Below, we have defined a network that we'll use for our text classification task. The network consists of 3 layers (One embedding and two linear).
The first layer of our network is the embedding layer. We have created an embedding layer using Embed() constructor available from haiku. We have given vocab size and embedding length to the constructor. The embedding length is set at 50 which means that each word index will have a real-valued vector of length 50. The constructor will internally create a weight matrix of shape (vocab_size, embed_len). As all of our examples are simple word indexes, the embedding for words will be retrieved by simply integer indexing this embedding matrix (E.g, let's say 'the' word has index 2, then embedding of 'the' will be 'weight_matrix[2]'). The input data shape to embedding layer is (batch_size, max_tokens) = (batch_size, 50) and output data shape is (batch_size, max_tokens, embed_len) = (batch_size, 50, 50).
The output of embedding layer is flattened as per our approach. This will transform shape from (batch_size, 50, 50) to (batch_size, 50 x 50) = (batch_size, 2500).
The flattened output will be given to our first linear layer which has 128 output units. The linear layer will process input data and will return the output of shape (batch_size, 128).
The output of the first linear layer is given to the second linear layer which has 4 output units (same as no of target classes). The output of the second linear layer is a prediction of our network.
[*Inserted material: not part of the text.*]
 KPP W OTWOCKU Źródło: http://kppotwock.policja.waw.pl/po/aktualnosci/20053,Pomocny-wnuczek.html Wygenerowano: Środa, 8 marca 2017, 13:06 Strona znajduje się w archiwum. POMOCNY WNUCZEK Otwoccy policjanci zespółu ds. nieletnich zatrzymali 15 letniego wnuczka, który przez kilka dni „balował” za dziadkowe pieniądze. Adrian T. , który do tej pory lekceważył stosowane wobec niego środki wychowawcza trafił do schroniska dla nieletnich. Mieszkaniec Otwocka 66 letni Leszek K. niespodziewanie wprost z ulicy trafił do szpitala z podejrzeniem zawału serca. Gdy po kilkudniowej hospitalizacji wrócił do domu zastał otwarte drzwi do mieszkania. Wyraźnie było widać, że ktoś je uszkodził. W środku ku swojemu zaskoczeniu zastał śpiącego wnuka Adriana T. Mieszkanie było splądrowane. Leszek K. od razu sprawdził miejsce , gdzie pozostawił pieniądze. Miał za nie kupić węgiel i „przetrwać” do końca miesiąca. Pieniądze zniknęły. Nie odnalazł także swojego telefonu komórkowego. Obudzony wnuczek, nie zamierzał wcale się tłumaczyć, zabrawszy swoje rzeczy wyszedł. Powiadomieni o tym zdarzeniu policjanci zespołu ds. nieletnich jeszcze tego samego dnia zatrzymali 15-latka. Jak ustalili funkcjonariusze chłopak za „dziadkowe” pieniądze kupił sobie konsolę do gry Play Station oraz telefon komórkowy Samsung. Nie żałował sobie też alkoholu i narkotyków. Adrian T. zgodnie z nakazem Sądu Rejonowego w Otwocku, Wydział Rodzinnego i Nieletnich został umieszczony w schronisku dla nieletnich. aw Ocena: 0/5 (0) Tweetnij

After defining the network, we have transformed it to a pure JAX function (using hk.transform()) and initialized it. After initializing, we have printed the shape of weights/biases of layers of network and performed a forward pass through the network to make predictions for verification purposes.
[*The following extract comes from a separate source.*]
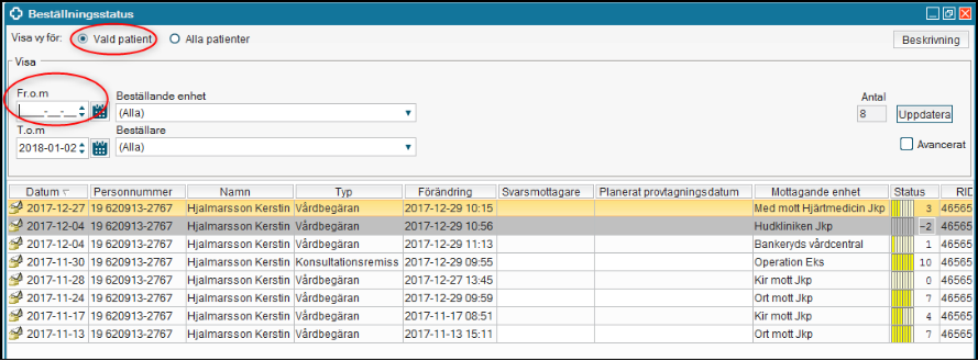 Beställningsstatus, endast remisser skickade för aktuell patient

If you are someone who is new to Haiku and want to learn how to create a neural network using it then we recommend that you go through our below tutorial. It'll get you started with haiku.
embed_len = 50
class EmbeddingClassifier(hk.Module):
def __init__(self):
super().__init__(name="EmbeddingClassifier")
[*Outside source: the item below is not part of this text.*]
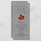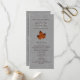 On a grey linen coloured background, and a large, monogrammed orange maple leaf accents this wedding program, making it perfect for the fall or autumn wedding.

self.embedding = hk.Embed(vocab_size=len(tokenizer.word_index)+1, embed_dim=embed_len, name="Word_Embeddings")
self.linear1 = hk.Linear(128, name="Dense1")
self.linear2 = hk.Linear(len(target_classes), name="Dense2")
self.flatten = hk.Flatten()
def __call__(self, X_batch):
x = self.embedding(X_batch) ## (batch_size, max_tokens, embed_len) = (1024, 50, 50)
x = self.flatten(x) ## (batch_size, max_tokens x embed_len) = (32, 2500)
x = self.linear1(x)
return self.linear2(x)
def EmbeddingClassifierrNet(x):
classif = EmbeddingClassifier()
return classif(x)
embed_classif = hk.transform(EmbeddingClassifierrNet)
rng = jax.random.PRNGKey(42)
params = embed_classif.init(rng, X_train_vect[:5])
print("Weights Type : {}\n".format(type(params)))
for layer_name, weights in params.items():
print(layer_name)
#print(weights.keys())
if "Embeddings" in layer_name:
print("Embeddings : {}\n".format(weights["embeddings"].shape))
else:
print("Weights : {}, Biases : {}\n".format(params[layer_name]["w"].shape,params[layer_name]["b"].shape))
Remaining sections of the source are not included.